── Records for this task ──

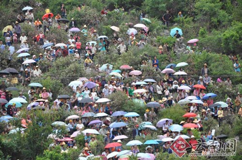 山坡上树丛间都站满了村民
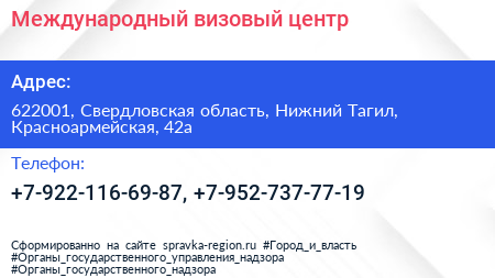 Международный визовый центр по адресу 622001, Свердловская область, Нижний Тагил, Красноармейская, 42а в дальнейшем Организация, размещена в следующих категориях:
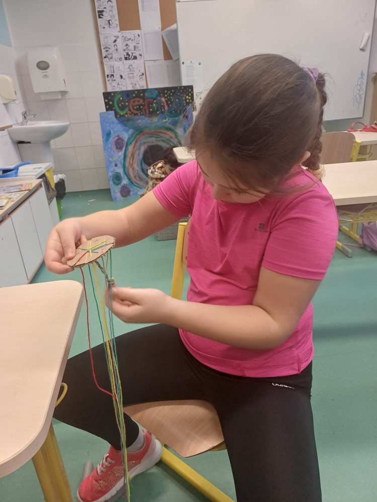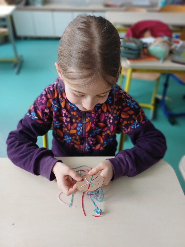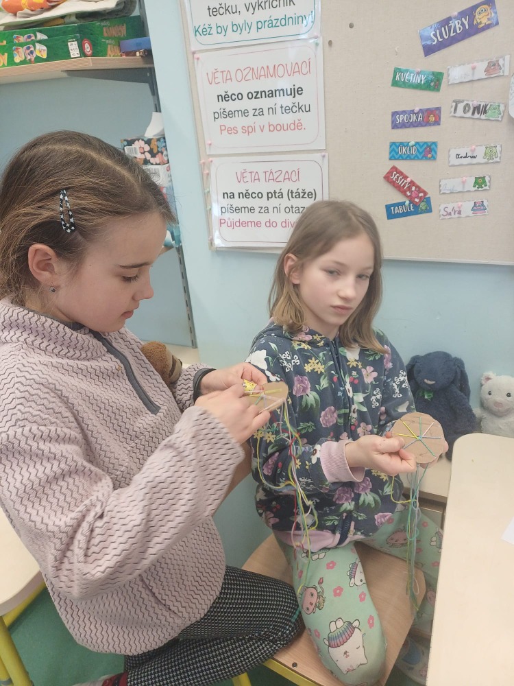 Paní vychovatelka připravuje pro děti pestrý a tvořivý program, aby se ani na chvíli nenudily. Společně vyrábějí nejrůznější drobnosti – například přáníčka k Valentýnu, amulety, bavlnkové náramky a spoustu dalších originálních výrobků.
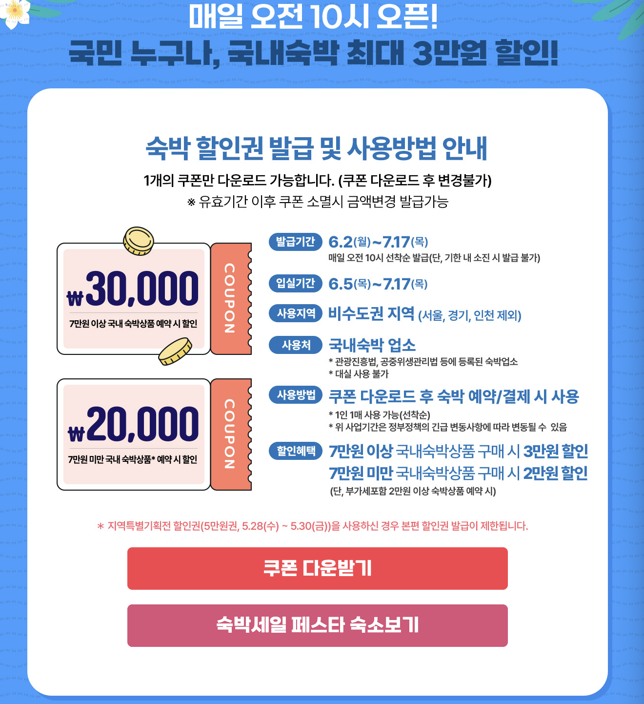 복잡한 절차 없이 아래 링크에서 2025년 6월 숙박세일페스타 쿠폰을 지금 바로 다운받아 사용 가능합니다. 매일 오전10시 선착순으로 쿠폰 발행을 하니 서두르세요!
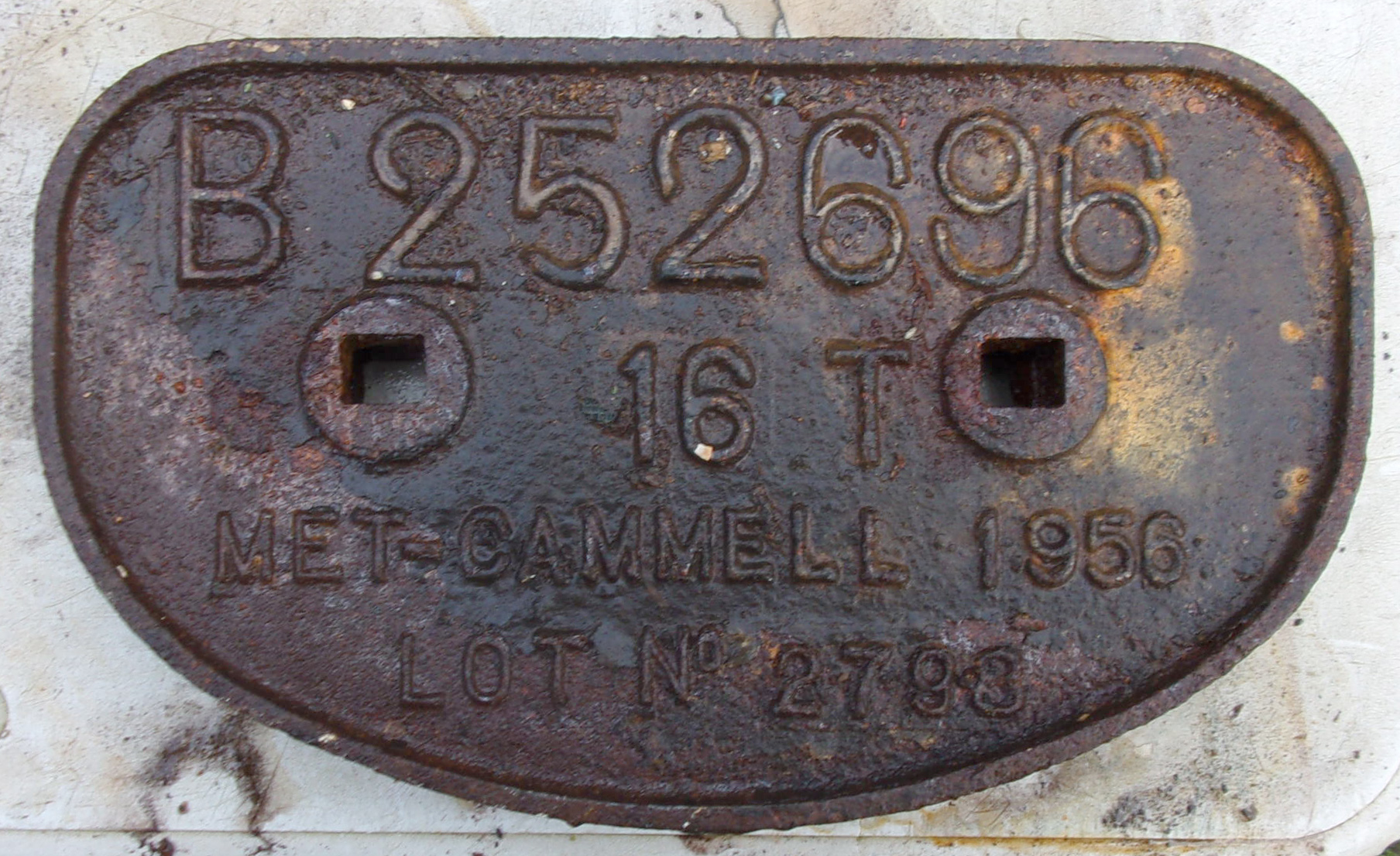 D Wagon plate “Met-Cammell 1956 Lot No. 2730 B 252696 16T”, ex wagon.
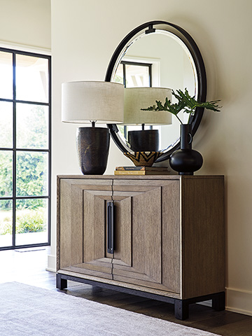 The Tripoli hall chest features a contemporary architectural design on the door fronts, with chamfered step-down moldings that draw the eye to custom hardware in the center. Behind the doors are two soft-close drawers at the top, two adjustable shelves in a large compartment on the right, and three adjustable shelves in a smaller compartment on the left.
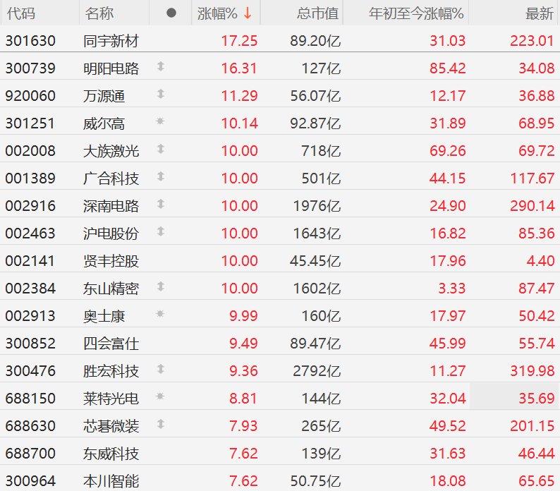 MACD金叉信号形成,这些股涨势不错! | 代码 | 名称 | | 涨幅% ↓ | 总市值 | 年初至今涨幅% | 最新 | | --- | --- | --- | --- | --- | --- | --- | | 301630 | 同宇新材 | | 17.25 | 89.20亿 | 31.03 | 223.01 | | 300739 | 明阳电路 | 1 | 16.31 | 127亿 | 85.42 | 34.08 | | 920060 | 力源通 | 1 | 11.29 | 56.07亿 | 12.17 | 36.88 | | 301251 | 威尔高 | 一般 | 10.14 | 92.87 亿 | 31.89 | 68.95 | | 002008 | 大族激光 | 4 | 10.00 | 718亿 | 69.26 | 69.72 | | 001389 | 广合科技 | 1 | 10.00 | 501亿 | 44.15 | 117.67 | | 002916 | 深南电路 | 1 | 10.00 | 1976 Z | 24.90 | 290.14 | | 002463 | 沪电股份 | 1 | 10. ...

───

**Task description**
Line for line, restate the data above and omit every picture.

**Your solution**
 山坡上树丛间都站满了村民
 Международный визовый центр по адресу 622001, Свердловская область, Нижний Тагил, Красноармейская, 42а в дальнейшем Организация, размещена в следующих категориях:
 Paní vychovatelka připravuje pro děti pestrý a tvořivý program, aby se ani na chvíli nenudily. Společně vyrábějí nejrůznější drobnosti – například přáníčka k Valentýnu, amulety, bavlnkové náramky a spoustu dalších originálních výrobků.
 복잡한 절차 없이 아래 링크에서 2025년 6월 숙박세일페스타 쿠폰을 지금 바로 다운받아 사용 가능합니다. 매일 오전10시 선착순으로 쿠폰 발행을 하니 서두르세요!
 D Wagon plate “Met-Cammell 1956 Lot No. 2730 B 252696 16T”, ex wagon.
 The Tripoli hall chest features a contemporary architectural design on the door fronts, with chamfered step-down moldings that draw the eye to custom hardware in the center. Behind the doors are two soft-close drawers at the top, two adjustable shelves in a large compartment on the right, and three adjustable shelves in a smaller compartment on the left.
 MACD金叉信号形成,这些股涨势不错! | 代码 | 名称 | | 涨幅% ↓ | 总市值 | 年初至今涨幅% | 最新 | | --- | --- | --- | --- | --- | --- | --- | | 301630 | 同宇新材 | | 17.25 | 89.20亿 | 31.03 | 223.01 | | 300739 | 明阳电路 | 1 | 16.31 | 127亿 | 85.42 | 34.08 | | 920060 | 力源通 | 1 | 11.29 | 56.07亿 | 12.17 | 36.88 | | 301251 | 威尔高 | 一般 | 10.14 | 92.87 亿 | 31.89 | 68.95 | | 002008 | 大族激光 | 4 | 10.00 | 718亿 | 69.26 | 69.72 | | 001389 | 广合科技 | 1 | 10.00 | 501亿 | 44.15 | 117.67 | | 002916 | 深南电路 | 1 | 10.00 | 1976 Z | 24.90 | 290.14 | | 002463 | 沪电股份 | 1 | 10. ...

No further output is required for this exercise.